• **Assignment**
Restate each line of the listing exactly, without carrying over any pictures.

• **Dataset section**

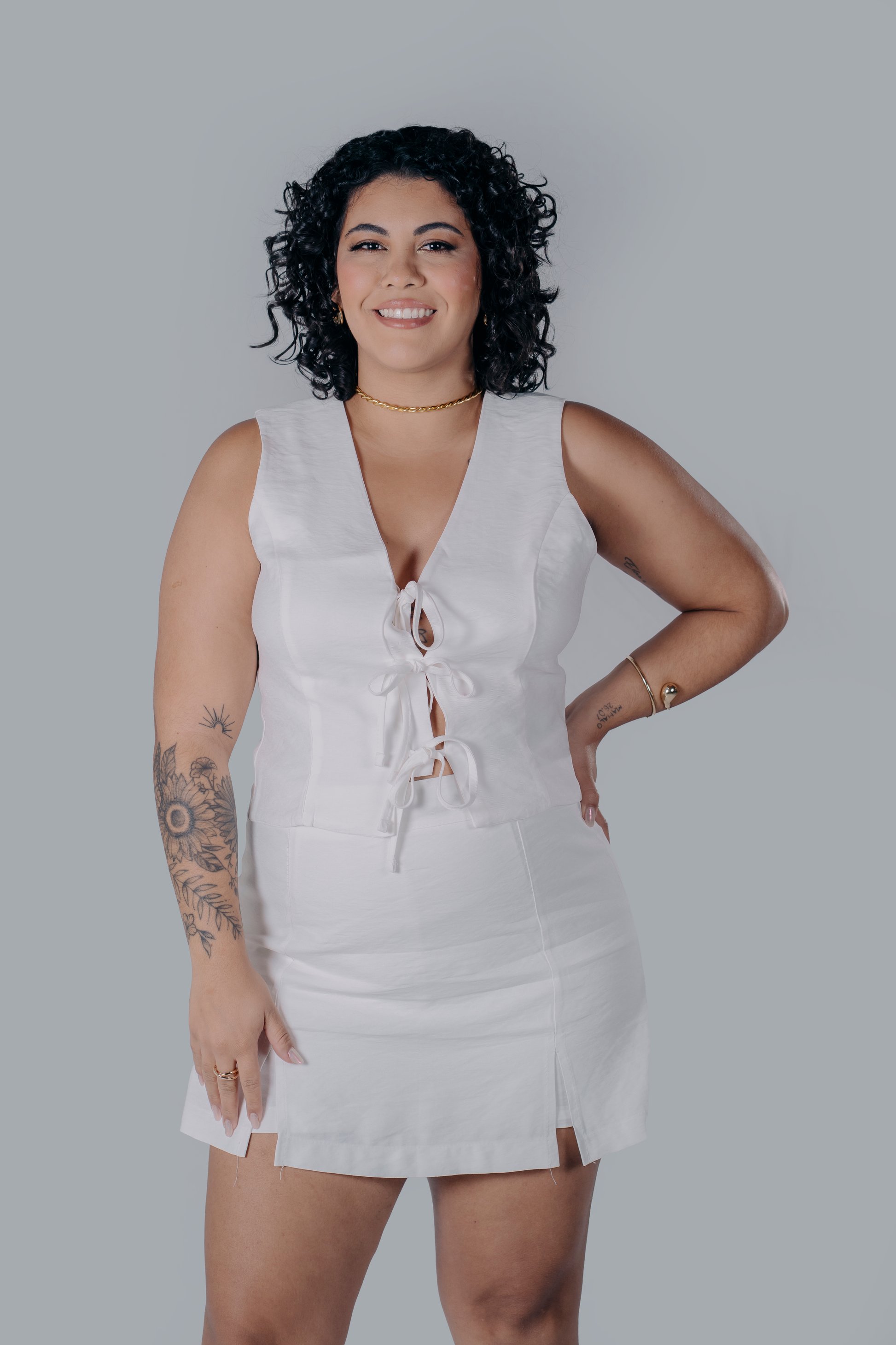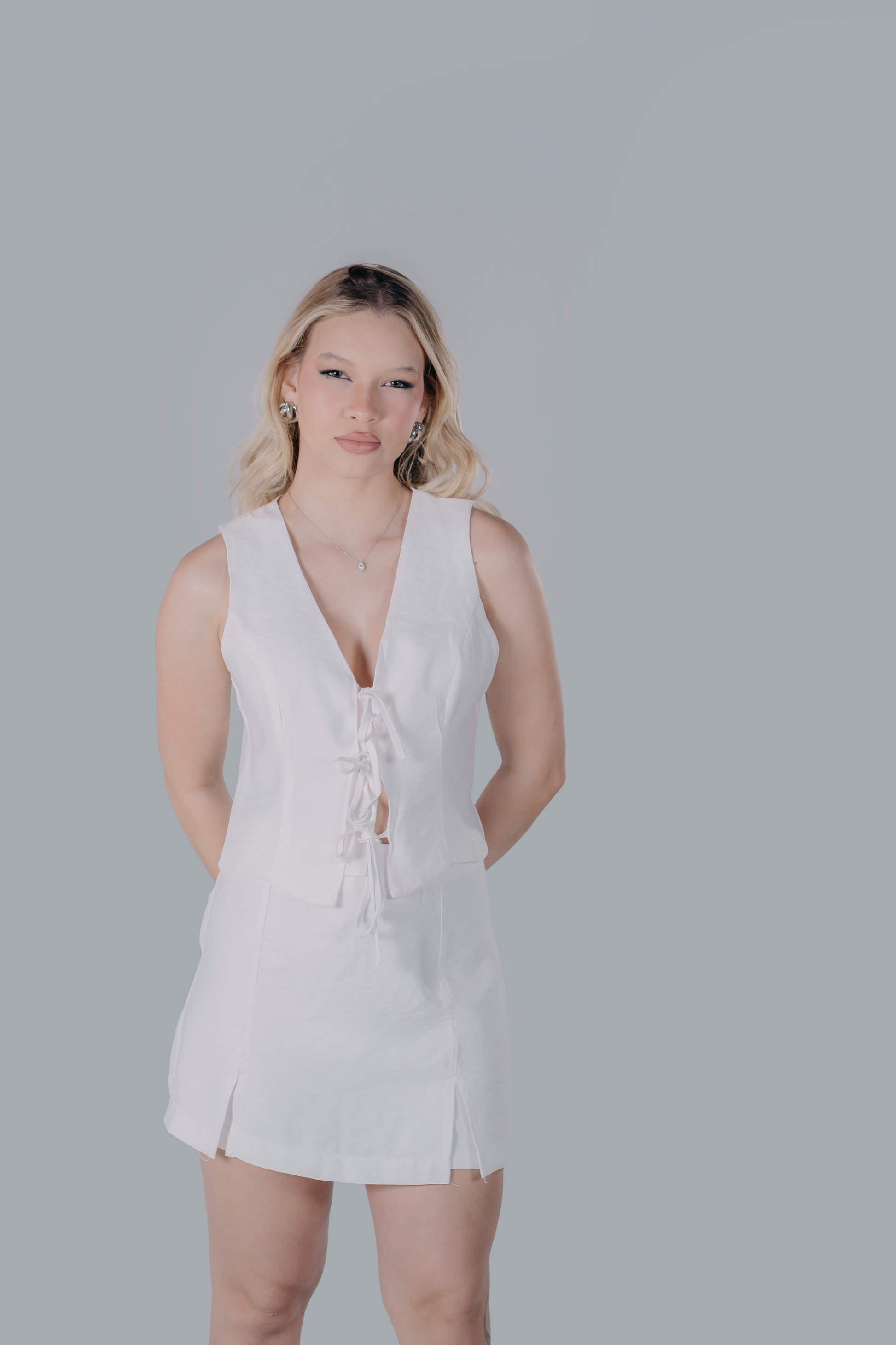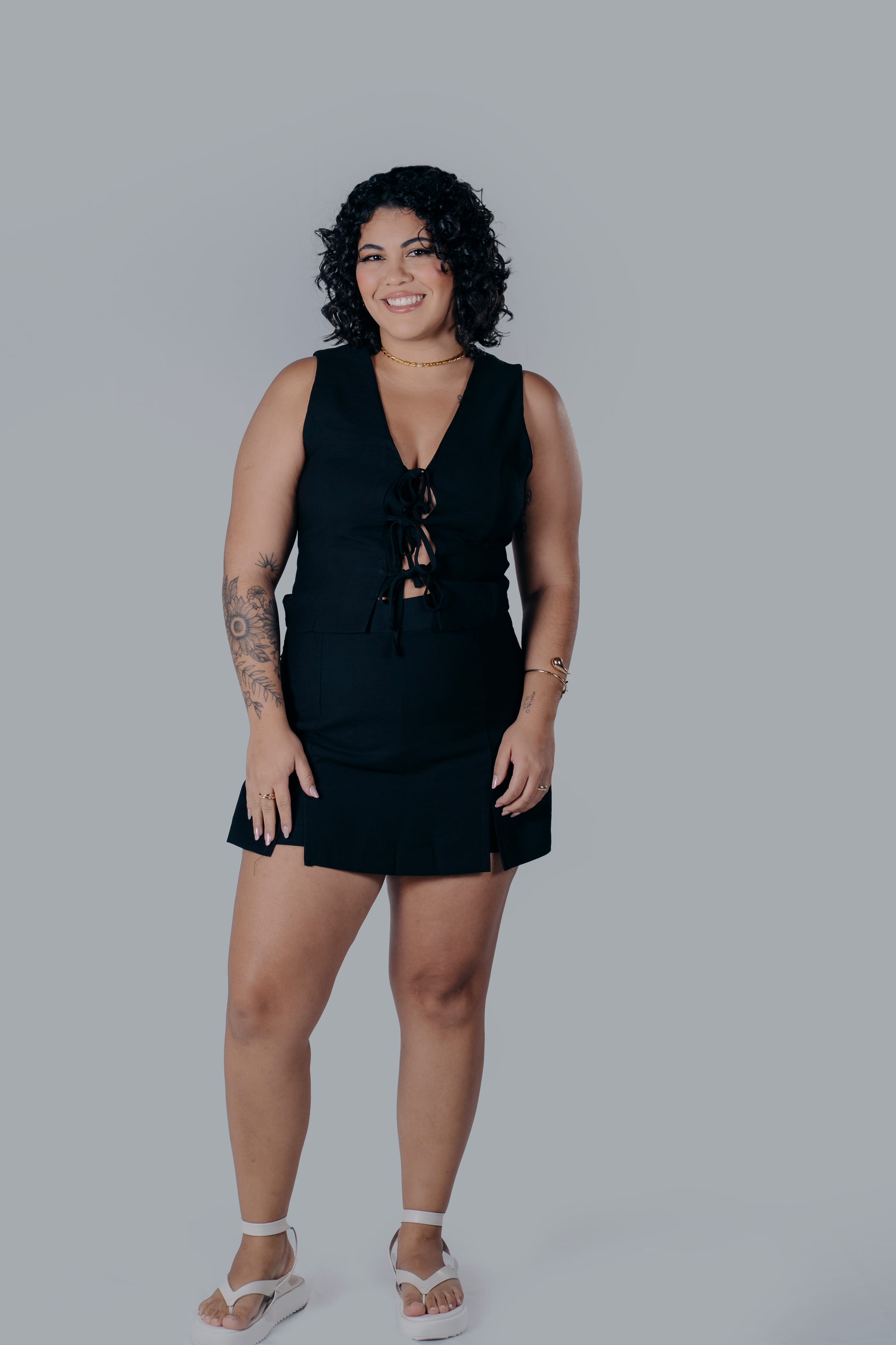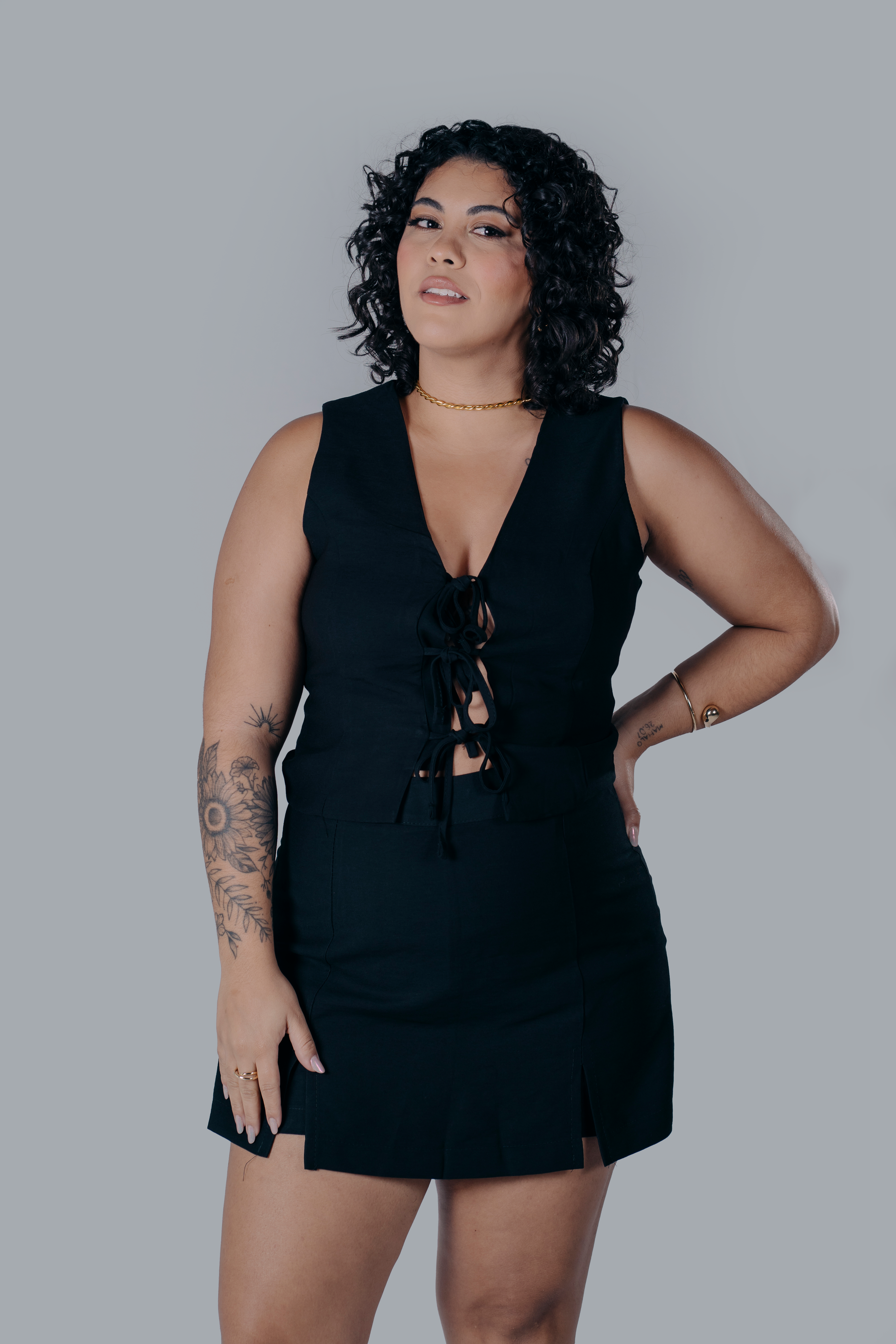 Conjunto de alfaiataria sofisticado e moderno, composto por uma blusa sem mangas e um short saia, disponível nas elegantes combinações de preto, branco e caramelo. A blusa destaca-se pelos delicados detalhes de amarração na frente, que adicionam um toque de feminilidade e charme. E o short saia, com fechamento em zíper nas costas, oferecem um ajuste perfeito e um caimento impecável. A modelagem ajustada e os tecidos de alta qualidade garantem conforto e elegância para ocasiões especiais ou produções mais formais.
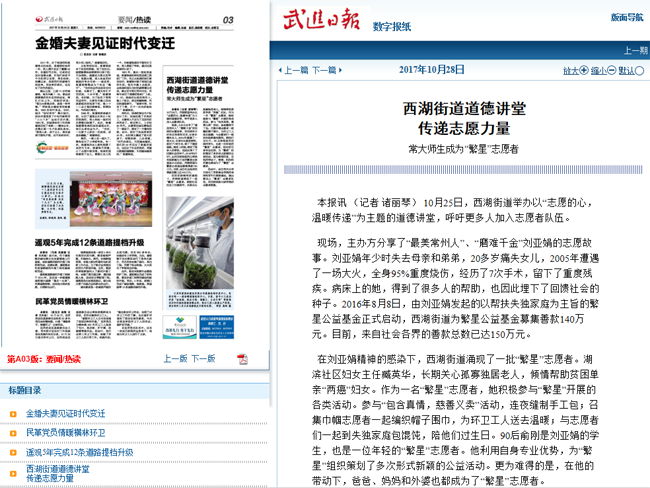 | 武进日报:西湖街道道德讲堂传递志愿力量 常大师生成为“繁星”志愿者 |
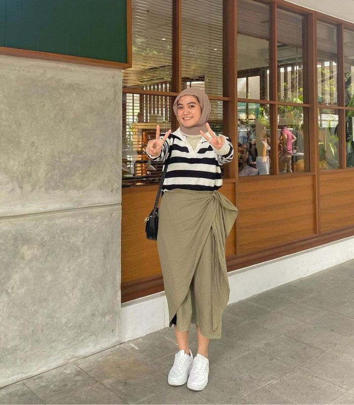10. Tampil dengan nuansa fresh look yang kalem ini. Perpaduan striped long sleeve t-shirt dengan rok lilit berwarna army dipadankan dengan hijab pashmina berwarna latte, tambahkan sling bag hitam dan sneakers putih bikin penampilanmu makin modis!
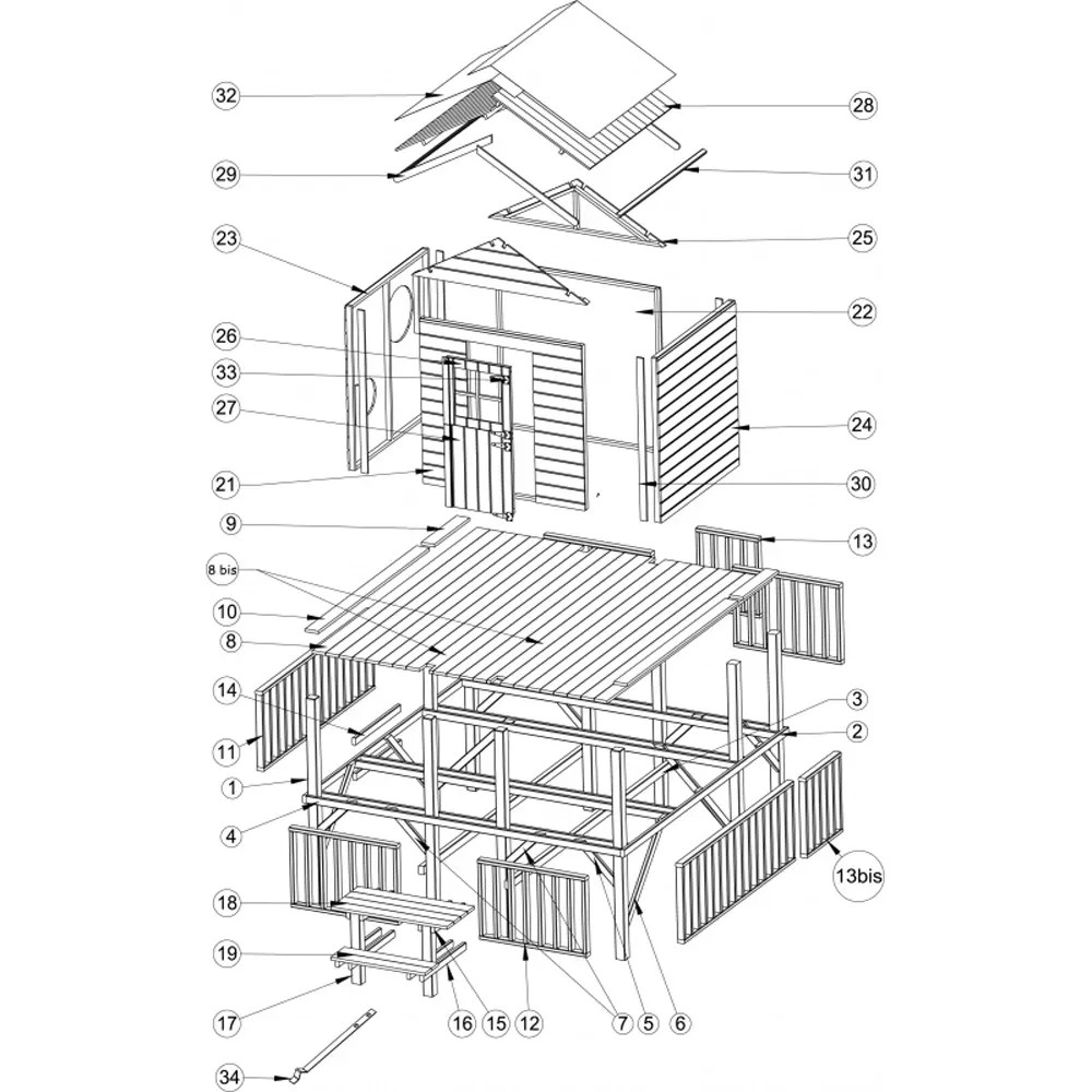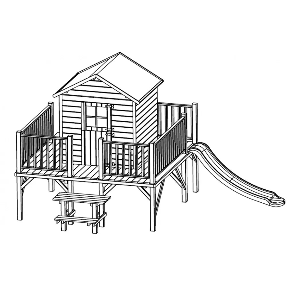 Wyposażenie domku: 1 drzwi, czarna papa na dach, ślizg, drabinka, zestaw śrub montażowych i elementów łączących zgodnie z instrukcją.

• **Task result**
 Conjunto de alfaiataria sofisticado e moderno, composto por uma blusa sem mangas e um short saia, disponível nas elegantes combinações de preto, branco e caramelo. A blusa destaca-se pelos delicados detalhes de amarração na frente, que adicionam um toque de feminilidade e charme. E o short saia, com fechamento em zíper nas costas, oferecem um ajuste perfeito e um caimento impecável. A modelagem ajustada e os tecidos de alta qualidade garantem conforto e elegância para ocasiões especiais ou produções mais formais.
 | 武进日报:西湖街道道德讲堂传递志愿力量 常大师生成为“繁星”志愿者 |
10. Tampil dengan nuansa fresh look yang kalem ini. Perpaduan striped long sleeve t-shirt dengan rok lilit berwarna army dipadankan dengan hijab pashmina berwarna latte, tambahkan sling bag hitam dan sneakers putih bikin penampilanmu makin modis!
 Wyposażenie domku: 1 drzwi, czarna papa na dach, ślizg, drabinka, zestaw śrub montażowych i elementów łączących zgodnie z instrukcją.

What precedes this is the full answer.